There are very few antivirus programs that are free for "server" editions of windows. In fact, they tend to HIKE the price 3-5x for the same program just to run on server.

COMODO is one that is free for server. But it is a bit of a hog and slows down Atom based servers, but it OK on faster machines.

I like cheap Atom servers... but antivirus is a real issue... there just arent good options for this setup.


----------



## thebluebumblebee (Jan 3, 2012)

I'll give a vote to MSE and a nod to AVG, which I saw Google is recommending. (click the "check for malware" tab at https://support.google.com/chrome/bin/answer.py?hl=en&answer=95669)


digibucc said:


> If you are going free, I agree MSE is best - no other will do automatic updates and scanning for free - but if you can afford a subscription, a paid av(not all, only 2-3 are any good) will be better than MSE, imo.
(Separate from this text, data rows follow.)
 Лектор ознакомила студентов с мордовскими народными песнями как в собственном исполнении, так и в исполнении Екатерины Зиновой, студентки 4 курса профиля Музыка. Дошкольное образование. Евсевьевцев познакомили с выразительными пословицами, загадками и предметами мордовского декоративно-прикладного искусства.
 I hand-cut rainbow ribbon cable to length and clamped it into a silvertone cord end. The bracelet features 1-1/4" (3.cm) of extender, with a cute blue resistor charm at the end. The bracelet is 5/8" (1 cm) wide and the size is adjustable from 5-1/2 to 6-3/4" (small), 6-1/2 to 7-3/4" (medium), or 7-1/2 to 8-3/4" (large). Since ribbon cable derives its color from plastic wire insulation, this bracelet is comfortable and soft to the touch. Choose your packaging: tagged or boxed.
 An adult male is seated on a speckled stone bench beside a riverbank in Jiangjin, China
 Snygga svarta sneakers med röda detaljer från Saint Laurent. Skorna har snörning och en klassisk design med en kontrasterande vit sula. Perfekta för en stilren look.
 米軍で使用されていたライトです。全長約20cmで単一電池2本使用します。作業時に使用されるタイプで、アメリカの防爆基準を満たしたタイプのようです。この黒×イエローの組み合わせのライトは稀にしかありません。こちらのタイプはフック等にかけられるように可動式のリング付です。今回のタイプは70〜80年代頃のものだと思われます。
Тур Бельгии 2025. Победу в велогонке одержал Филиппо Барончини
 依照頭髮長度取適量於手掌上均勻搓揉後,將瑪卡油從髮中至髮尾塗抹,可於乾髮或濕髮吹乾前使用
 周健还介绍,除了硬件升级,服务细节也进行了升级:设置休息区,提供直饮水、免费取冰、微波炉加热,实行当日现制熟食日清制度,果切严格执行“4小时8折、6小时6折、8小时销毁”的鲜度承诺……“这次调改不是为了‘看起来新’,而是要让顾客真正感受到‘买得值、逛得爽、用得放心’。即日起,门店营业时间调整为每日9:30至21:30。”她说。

AVG does auto updates and scans with their free version.  It's a better program than in the past, but I'm switching my machines over to MSE as I install Win 7.


----------



## trickson (Jan 3, 2012)

radrok said:


> I personally use NOD32, it's not heavy on resources and finds almost everything



Not free . And that is the key FREE IS A VERY GOOD PRICE !


----------



## Solaris17 (Jan 3, 2012)

Frick said:


> Do you still get annoying ads when using Avast?









only on the summary tab. but they arent that annoying seem streamlined and only pertain to avast deals it isnt all In your face and you dont get pop ups about it and shit. This is my laptop I dont have IS on it but on Is it doesnt have them at all.


----------



## Frizz (Jan 3, 2012)

My suggestion is to move onto freeware anti-virus like AVG.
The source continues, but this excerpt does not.